A total of 27 children were enrolled in this study. The demographic and clinical characteristics of children with PCMs were summarized in Tables 1, 2. The demographic and clinical details of each child were provided in Supplementary Table S1. Supplementary Table S2 was involved in the echocardiography indicators of DCM, HCM, and LVNC. Sixteen children were diagnosed with DCM, seven with HCM, and another four with RCM, ARVC, or LVNC.

Table 1

Table 1. Demographic and clinical characteristics of patients with PCMs.

Table 2

Table 2. The characteristics of echocardiogram indicators for patients with DCM, HCM, and LVNC.

The medians and IQRs of age were 2.5 (0.6, 10.0) years old. There were 17 males (63.0%) and 10 females (37.0%). Body mass index values were lower in these children, with a median and IQR of 15.94 (15.00, 17.84). Among the electrolytes, the median of Na⁺ (133.0 mmol/L) and the mean of Cl⁻ (96.1 mmol/L) were lower than the normal ranges. Compared with the normal range of 0–132 pg/mL, the pro-brain natriuretic peptide in these children was significantly elevated, with a value of 1,666.5 (351.1, 4,072.0) pg/mL. In children with DCM, the values of LVDD and left ventricular end-systolic dimension (LVDS) increased to 41.2 ± 13.9 mm and 32.0 (22.8, 41.0) mm, respectively. The LVEF was lower than the normal range, with a value of 41.6% ± 13.9%. In children with HCM, the interventricular septum and LV posterior wall exceeded the normal ranges, with values of 16.9 ± 4.1 mm and 11.2 ± 4.5 mm, respectively.

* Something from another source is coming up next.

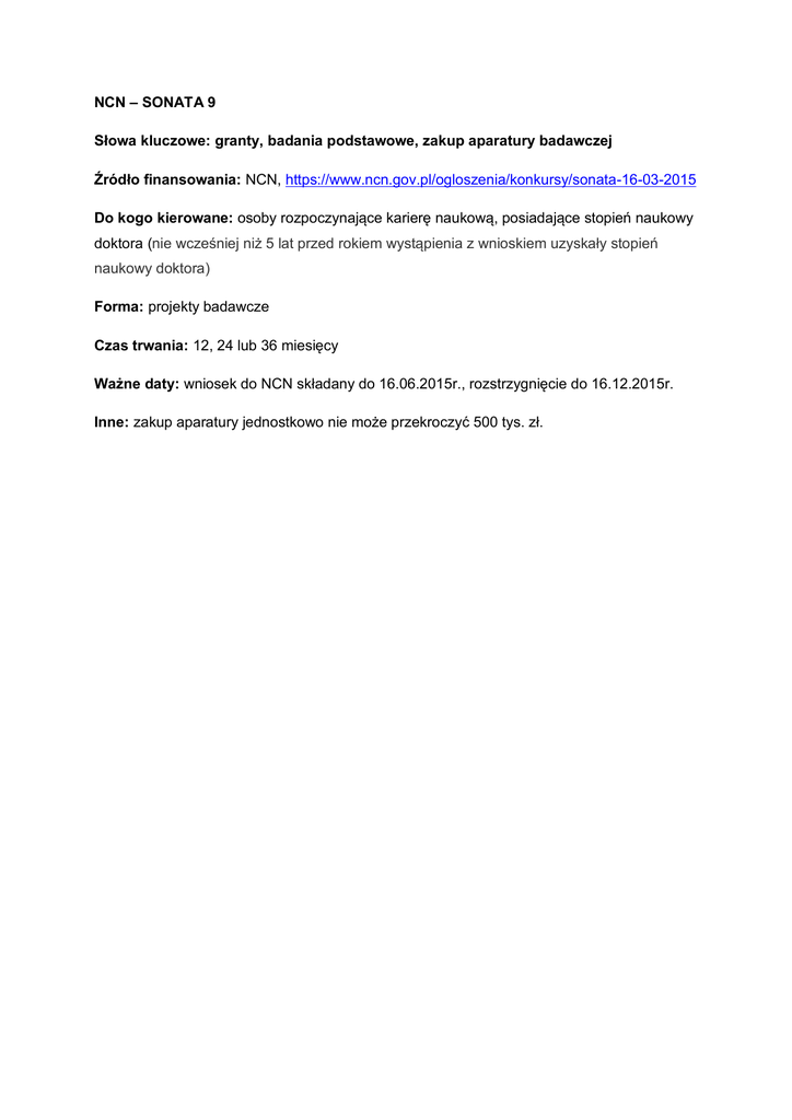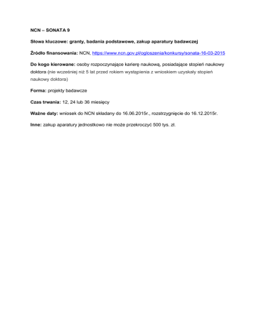 NCN – SONATA 9 Słowa kluczowe: granty, badania podstawowe, zakup aparatury badawczej Źródło finansowania: NCN, https://www.ncn.gov.pl/ogloszenia/konkursy/sonata-16-03-2015 Do kogo kierowane: osoby rozpoczynające karierę naukową, posiadające stopień naukowy doktora (nie wcześniej niż 5 lat przed rokiem wystąpienia z wnioskiem uzyskały stopień naukowy doktora) Forma: projekty badawcze Czas trwania: 12, 24 lub 36 miesięcy Ważne daty: wniosek do NCN składany do 16.06.2015r., rozstrzygnięcie do 16.12.2015r. Inne: zakup aparatury jednostkowo nie może przekroczyć 500 tys. zł.

3.2 Mutated gene characteristics

In this study, mutated genes were collected and classified into four categories: pathogenic, likely pathogenic, uncertain significance, and other mutations. The mutated genes found in DCM, HCM, and LVNC are available in Supplementary Table S3. Among them, 28 types of genes were related to calcium and AAs.

In children with DCM, seven genes were identified as pathogenic, such as TTN, MYH7, and TNNT2 (Figure 1a). Sixteen genes were defined as likely pathogenic and of uncertain significance, such as NEXN, SCN5A, TNNI3, MYH6, DSP, and VCL (Figure 1b). There were also some other mutated genes, such as TTN and JPH2.

Figure 1

Figure 1. The number of patients related to mutated genes found in dilated cardiomyopathy. (a) The number of patients with pathogenic mutated genes; (b) The number of patients with likely pathogenic and uncertain significance mutated genes.

In children with HCM, three pathogenic mutated genes were detected, such as MYH7, PRKAG2, and RAF1. Fourteen likely pathogenic and uncertain significance mutated genes were identified, such as MYBPC3, RBM20, MYH6, and SLC22A5. TTN was also found as other mutated gene in HCM.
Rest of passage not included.